Rather than being a tax relief bill, H.R. 6275 is a tax grab. Under a guise of patching the AMT (temporarily), it would permanently raise taxes and administrative costs on millions of businesses. What Congress does not seem to realize is that businesses are owned and operated by ordinary Americans. Whether a shareholder, an employee or a consumer of the goods and services produced, all are stakeholders in the performance of businesses. Rather than fixing the AMT, this bill plays with semantics and fiscal timing to get around PAYGO rules and expand government reach.

For instance, it would change the classification of capital gains to “ordinary” income so that these rewards for taking an investment risk can be taxed at a higher rate. Since these gains are the earnings from taking an investment risk, this decreases investment incentives. Less investment means less new technology, less new capital and less growth. Similar provisions in a previous bill were analyzed by Heritage’s Bill Beach and Guinevere Nell. Table 1 of their paper shows the likely effect of these distortionary tax increases on investment, GDP, employment and personal disposable income.

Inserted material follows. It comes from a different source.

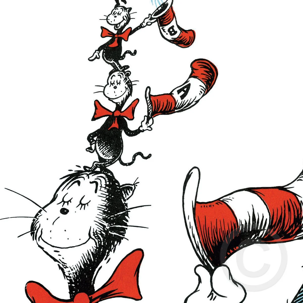 With a grin that implies wonder and mischief, The Cat himself - donning the famous accessory - became the logo for the Beginner Books series, published by Random House.

The effects of this bill would be similar. More than the monetary disincentive, though, this bill poses a large cost on the economy by increasing uncertainty about the rules of the game. It does this by sending a punitive message to business owners that their profits are subject to the government’s ex-post assessment of whether a company is worthy of its profit. This in turn depends on the political climate. H.R. 6275 does that by denying a standard corporate deduction that is allowed for all businesses to oil and gas subsidies. This political move raises the uncertainty of future investments because individuals must now decide whether Congress is going to think their profits fell from the wind if their investment proves successful. Increased uncertainty puts downward pressure on investments and limits economic growth. It also encourages more resources to be used on lobbying.

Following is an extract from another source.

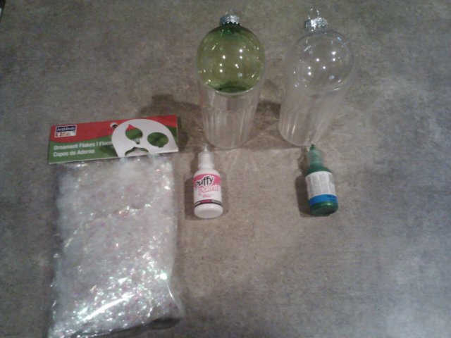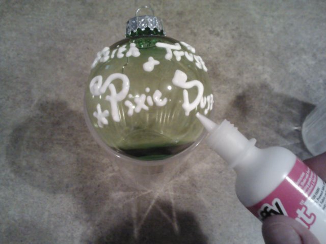 For starters, you need some ornaments. I chose clear ornaments, or tinted ornaments so I could personalize my colors. I started with a green tinted and clear ornament, some clear, shiny ornament filler and some puffy paint.

The bill also raises administrative costs for businesses by requiring more reporting by payment transfer companies. Although closing loopholes is needed, there is a trade-off between revenues and enforcement costs. The estimated cost of this provision is $9.8 billion over 11 years (RSC report). These are real costs. More reporting for businesses means they must divert resources from productive activity to complying with government paperwork. These small micro effects may seem imperceptible and people may not realize that their job loss is a ripple effect of these regulatory burdens but these millions of small micro effects can be seen in the macro economic effects of the economy — less employment, less personal disposable income and less investment.

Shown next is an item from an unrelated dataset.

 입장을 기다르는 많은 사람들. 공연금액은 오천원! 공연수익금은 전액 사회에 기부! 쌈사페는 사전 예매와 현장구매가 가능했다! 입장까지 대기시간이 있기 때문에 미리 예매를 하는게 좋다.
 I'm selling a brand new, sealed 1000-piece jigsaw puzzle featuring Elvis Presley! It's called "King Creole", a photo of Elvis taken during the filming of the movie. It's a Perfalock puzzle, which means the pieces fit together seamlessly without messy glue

H.R. 6275 provides direct tax reduction while indirectly raising taxes and costs. The bill capriciously increases taxes on those they deem it is politically correct to do so. The AMT is a provision that needs to be dealt with honestly. The longer is it “patched” with these types of bills, the more the American public will suspect that this is not so much a tax but rather a smokescreen that Congress uses each year to push a political agenda.